Copy the data exactly; pictures stay out of the copy.

**** SUPPLIED MATERIAL ****

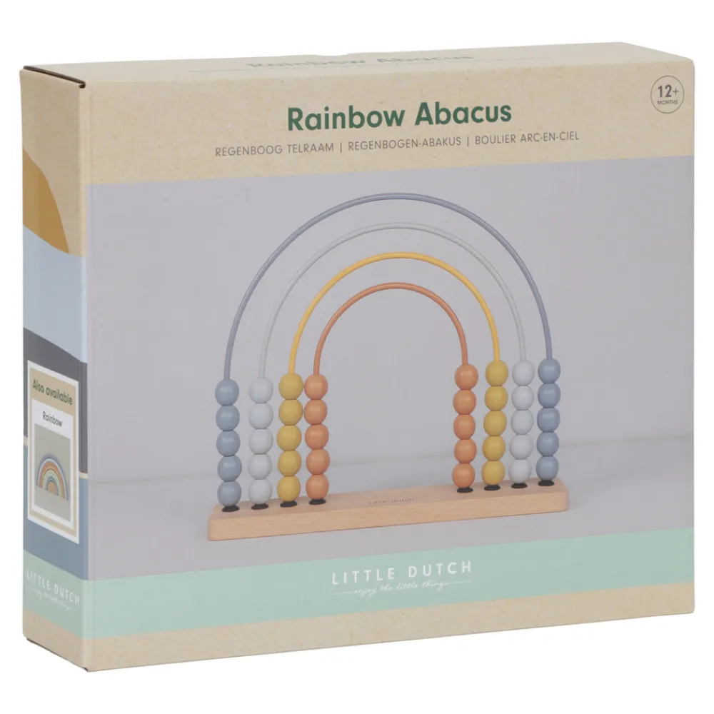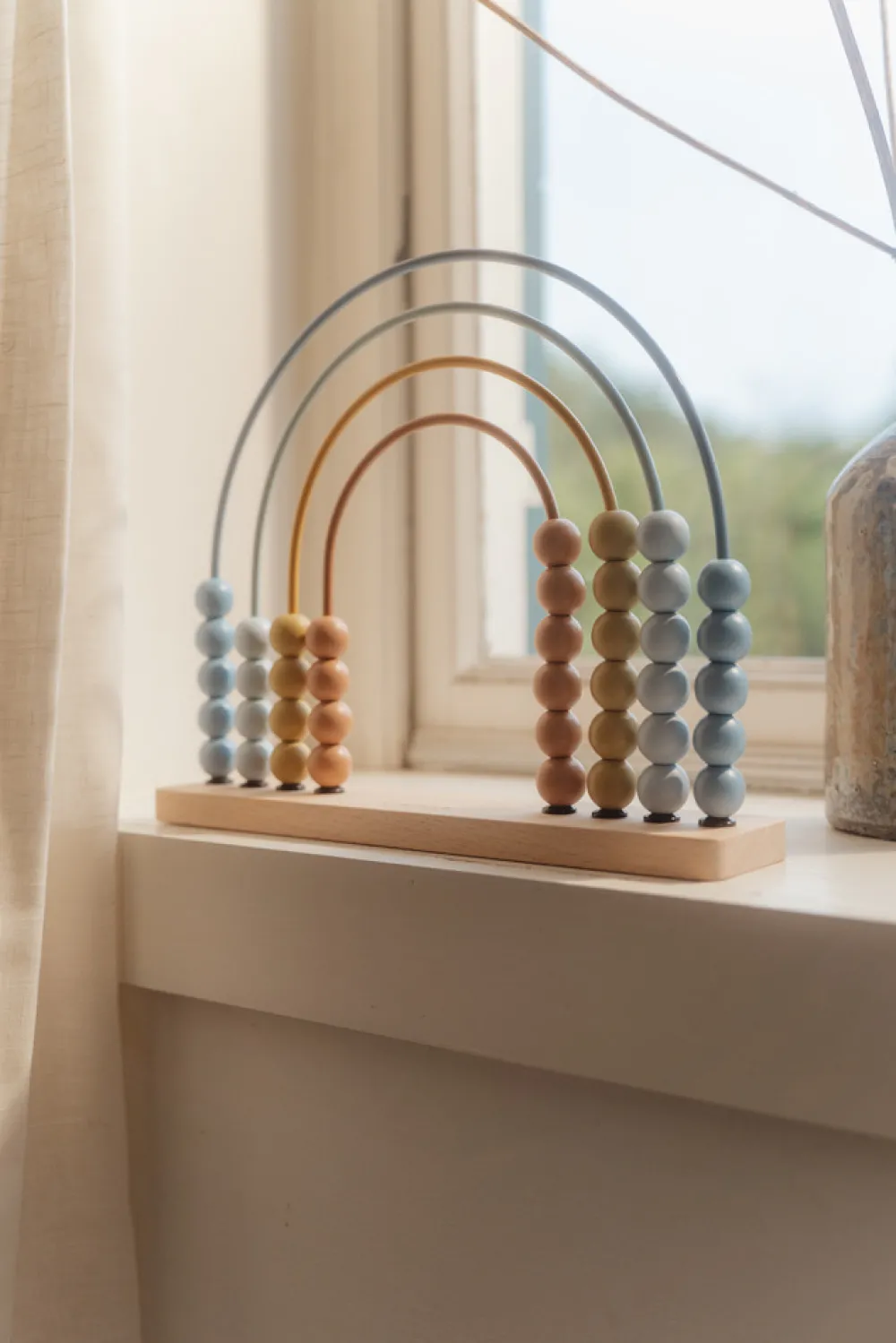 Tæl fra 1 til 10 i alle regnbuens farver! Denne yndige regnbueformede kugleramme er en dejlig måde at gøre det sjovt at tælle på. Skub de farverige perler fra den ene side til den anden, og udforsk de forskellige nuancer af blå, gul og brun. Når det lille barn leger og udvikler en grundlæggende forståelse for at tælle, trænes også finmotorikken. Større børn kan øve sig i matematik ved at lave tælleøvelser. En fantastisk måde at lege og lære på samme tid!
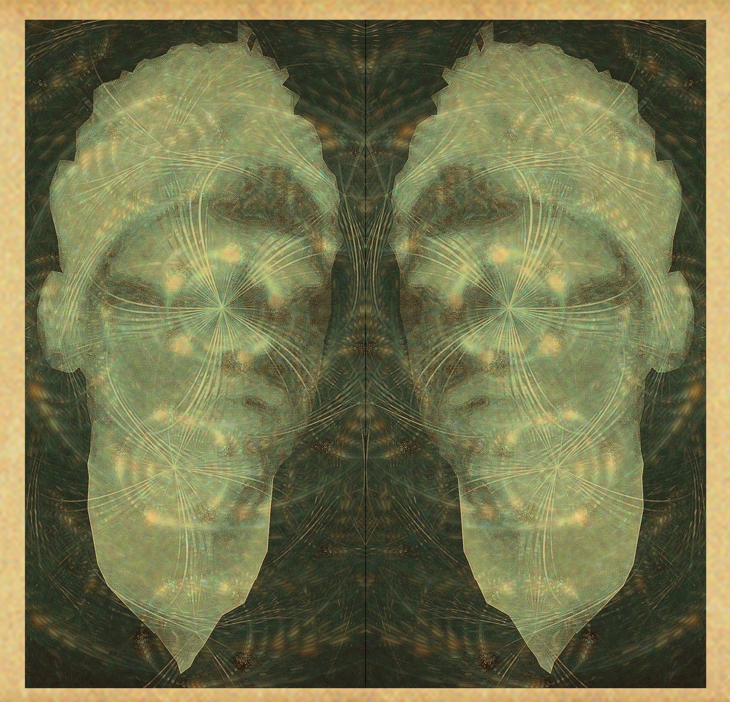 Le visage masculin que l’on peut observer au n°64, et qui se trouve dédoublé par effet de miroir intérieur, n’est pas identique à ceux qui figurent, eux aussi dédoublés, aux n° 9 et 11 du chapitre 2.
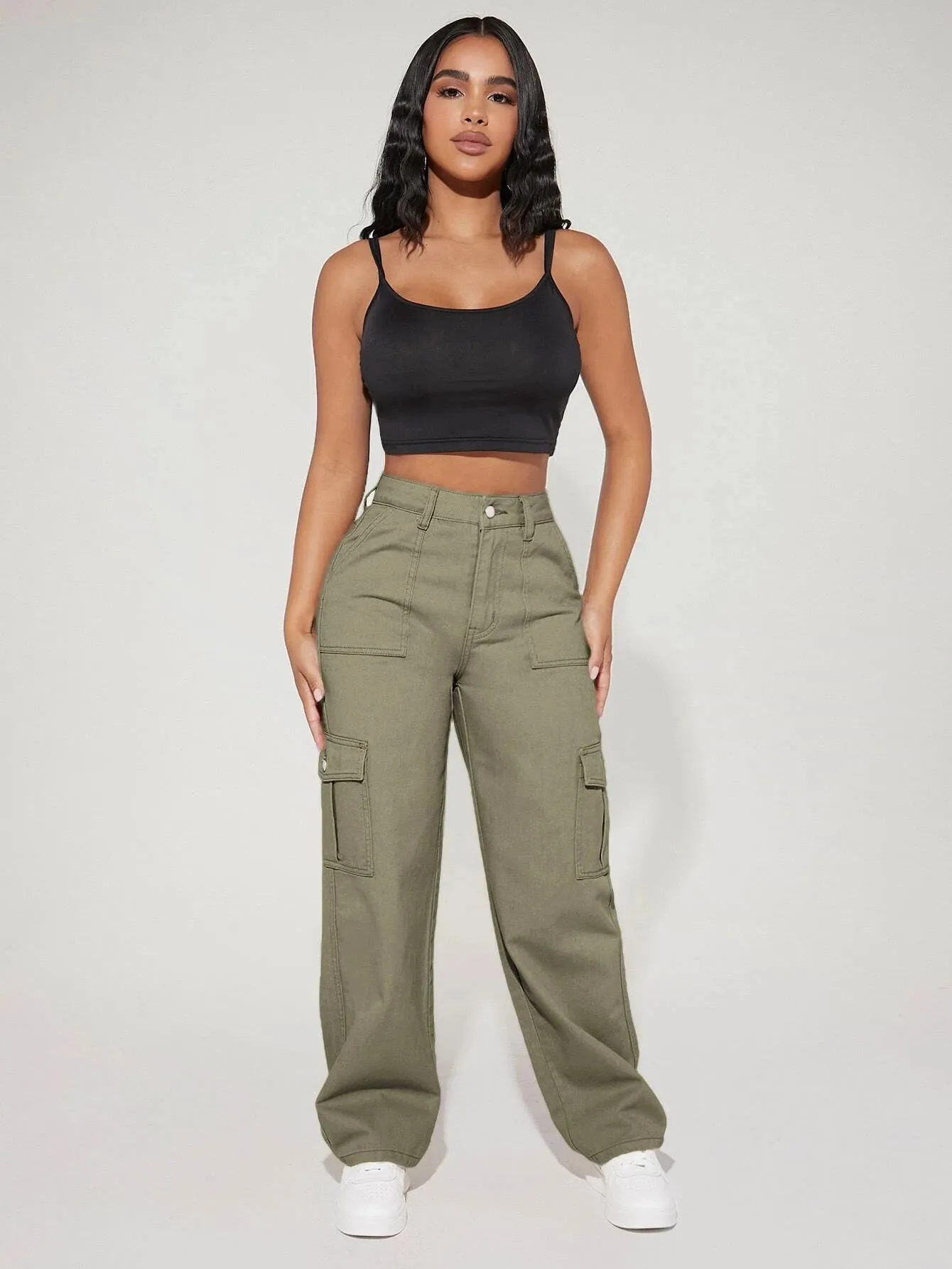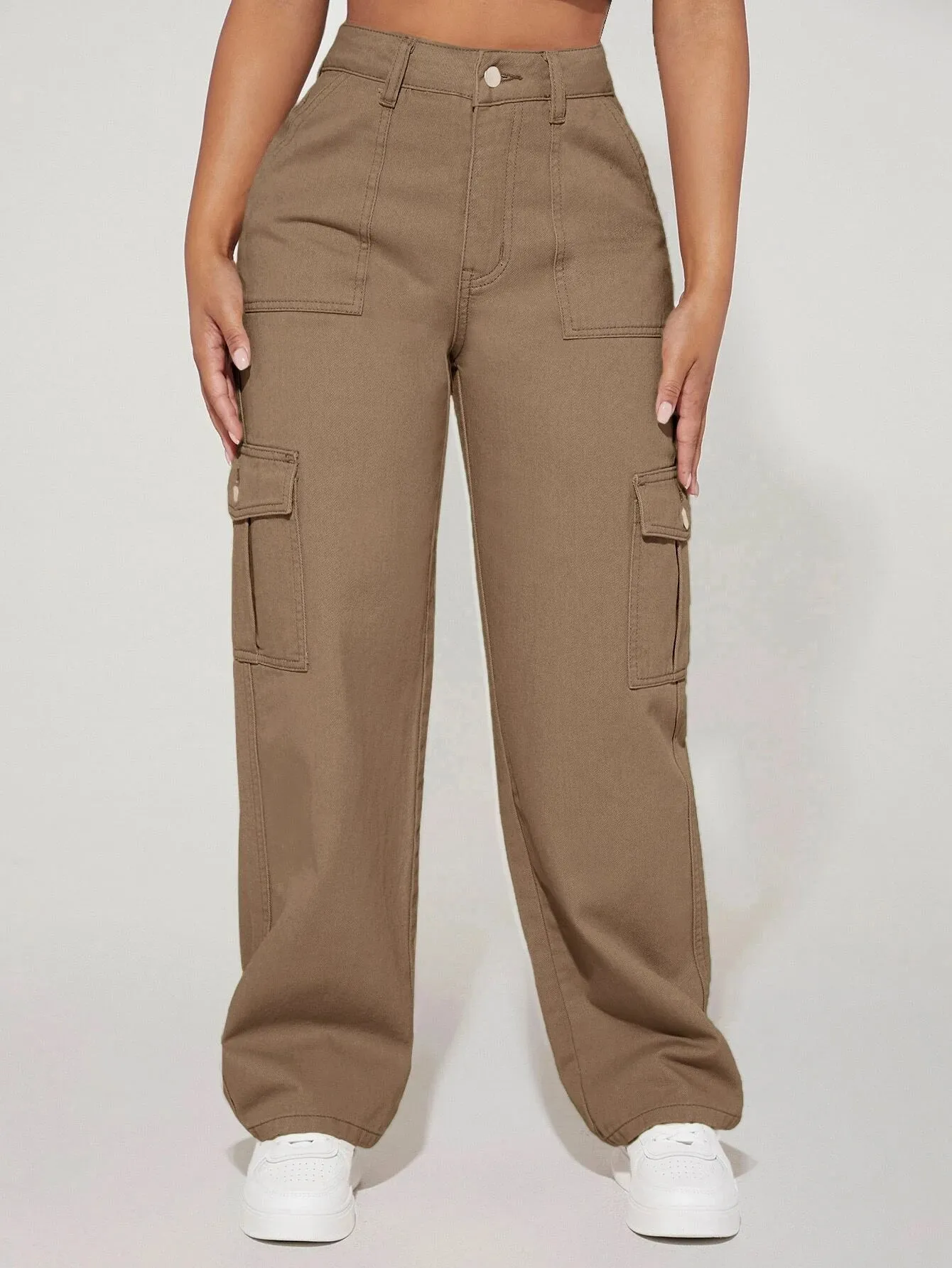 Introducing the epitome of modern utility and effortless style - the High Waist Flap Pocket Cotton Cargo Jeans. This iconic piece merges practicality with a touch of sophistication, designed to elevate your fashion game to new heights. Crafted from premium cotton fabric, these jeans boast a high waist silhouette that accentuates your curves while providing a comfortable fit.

****

TASK RESPONSE
 Tæl fra 1 til 10 i alle regnbuens farver! Denne yndige regnbueformede kugleramme er en dejlig måde at gøre det sjovt at tælle på. Skub de farverige perler fra den ene side til den anden, og udforsk de forskellige nuancer af blå, gul og brun. Når det lille barn leger og udvikler en grundlæggende forståelse for at tælle, trænes også finmotorikken. Større børn kan øve sig i matematik ved at lave tælleøvelser. En fantastisk måde at lege og lære på samme tid!
 Le visage masculin que l’on peut observer au n°64, et qui se trouve dédoublé par effet de miroir intérieur, n’est pas identique à ceux qui figurent, eux aussi dédoublés, aux n° 9 et 11 du chapitre 2.
 Introducing the epitome of modern utility and effortless style - the High Waist Flap Pocket Cotton Cargo Jeans. This iconic piece merges practicality with a touch of sophistication, designed to elevate your fashion game to new heights. Crafted from premium cotton fabric, these jeans boast a high waist silhouette that accentuates your curves while providing a comfortable fit.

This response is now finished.